What does the DPO actually do inside a town council?

The same duties Article 39 GDPR sets out for any organisation: informing and advising the council and its staff on their obligations, monitoring compliance, advising on data protection impact assessments where applicable, and cooperating with the AEPD as its point of contact. We cover each duty in detail in our article on the DPO's functions (in Spanish).

What happens if a public administration doesn't appoint a DPO?

The penalty regime differs from that of private companies. When the infringer is a public administration, the LOPDGDD sets out a specific regime in its Article 77: instead of the fines under Article 83 GDPR — expressly excluded since the reform introduced by Law 11/2023 — the AEPD issues a decision declaring the infringement and setting the corrective measures, can propose that disciplinary proceedings be opened against the individuals responsible, and publishes the decision on its website identifying the infringing body. Not having appointed a DPO also exposes the council to formal requests and a weak position against any citizen complaint.

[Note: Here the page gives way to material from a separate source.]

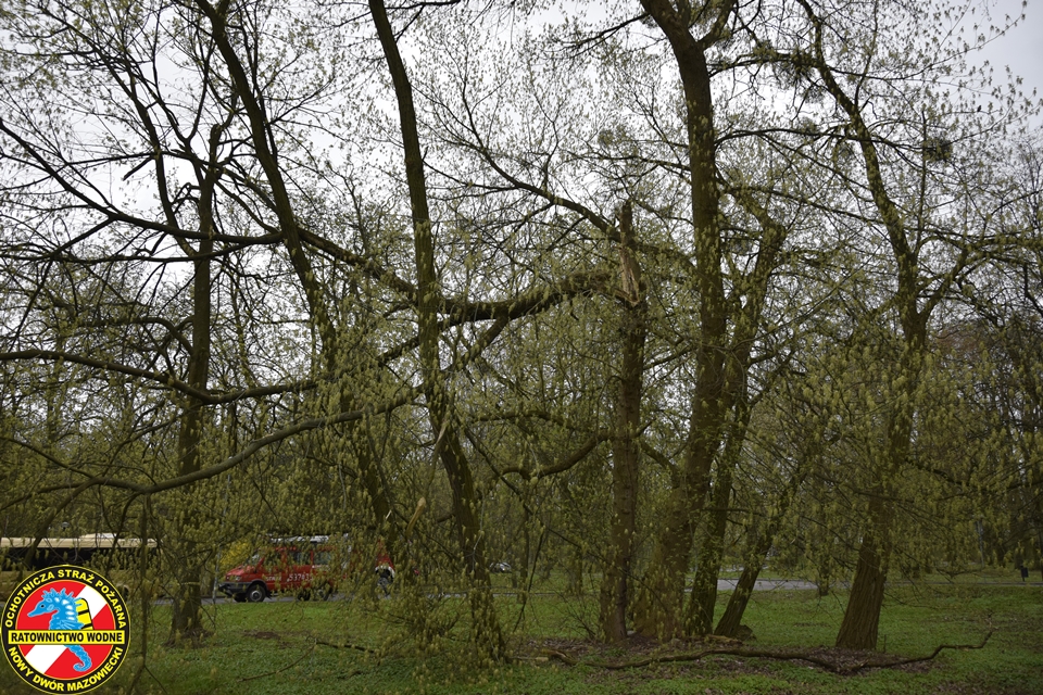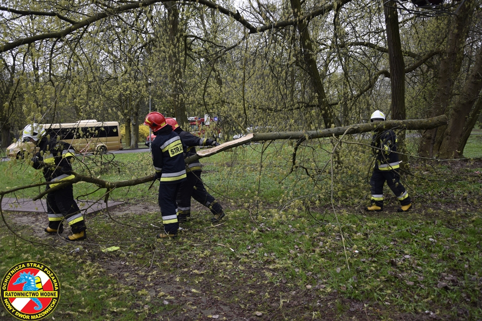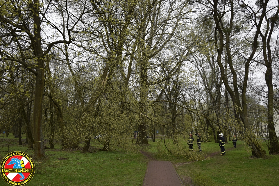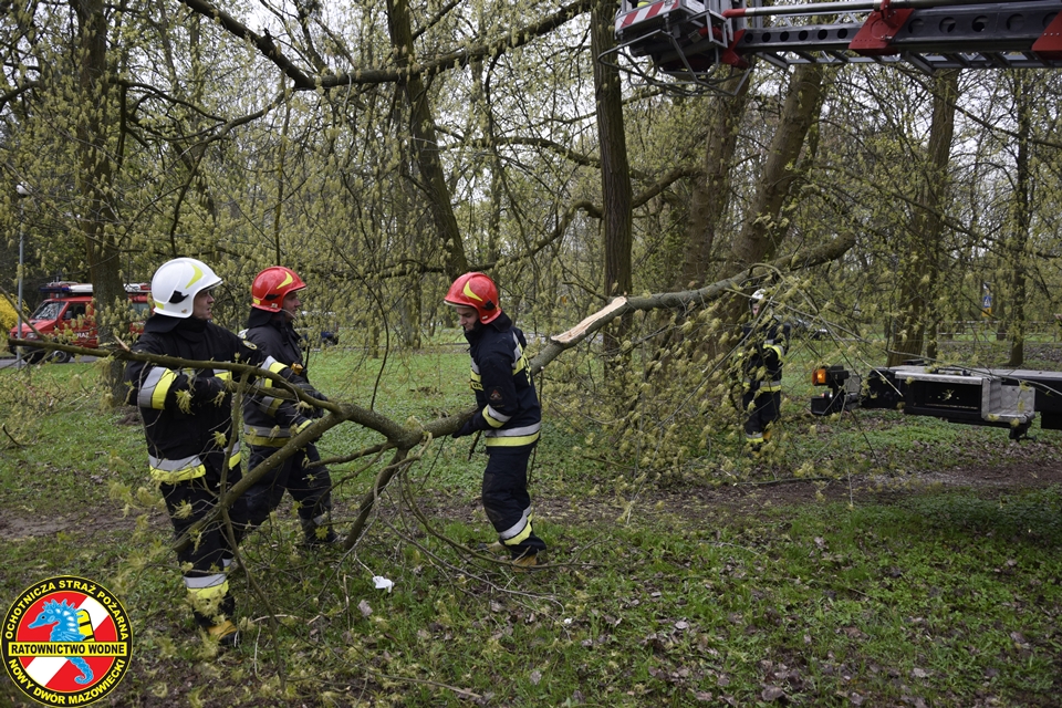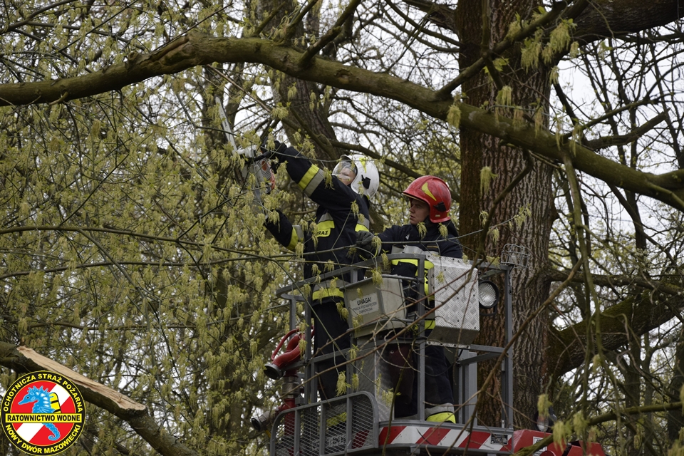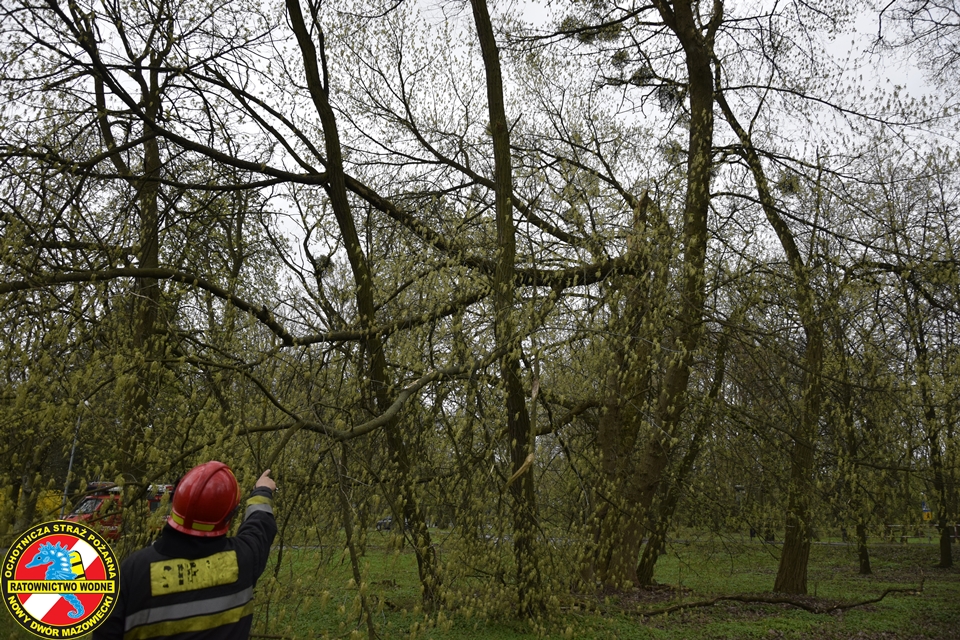 Na miejscu obecny był zastęp z JRG Nowy Dwór Mazowiecki oraz podnośnik hydrauliczny oraz patrol Straży Miejskiej. Nasz ratownik z ratownikiem z PSP w koszu podnośnika na wysokości dokonali wycinki zagrażających elementów drzewa.

Can the outsourced DPO be procured through a public tender?

Yes, and it's the usual route: since it's a service to a public-sector entity, procuring an outsourced DPO is subject to Law 9/2017 on Public Sector Contracts, normally through a minor contract if the amount allows it, or a simplified open procedure if it exceeds that threshold. We support the administration itself through that process, the same way we do in our public procurement service for companies bidding for public contracts.

How much does an outsourced DPO cost for a town council or joint board?

We don't publish a fixed rate because it depends on how many entities share the officer, the volume of processing activities and whether there are higher-risk services such as video surveillance or local police. We confirm it during the initial diagnosis. The variables that move the price for any organisation, public or private, are explained in our article on outsourced DPO pricing (in Spanish).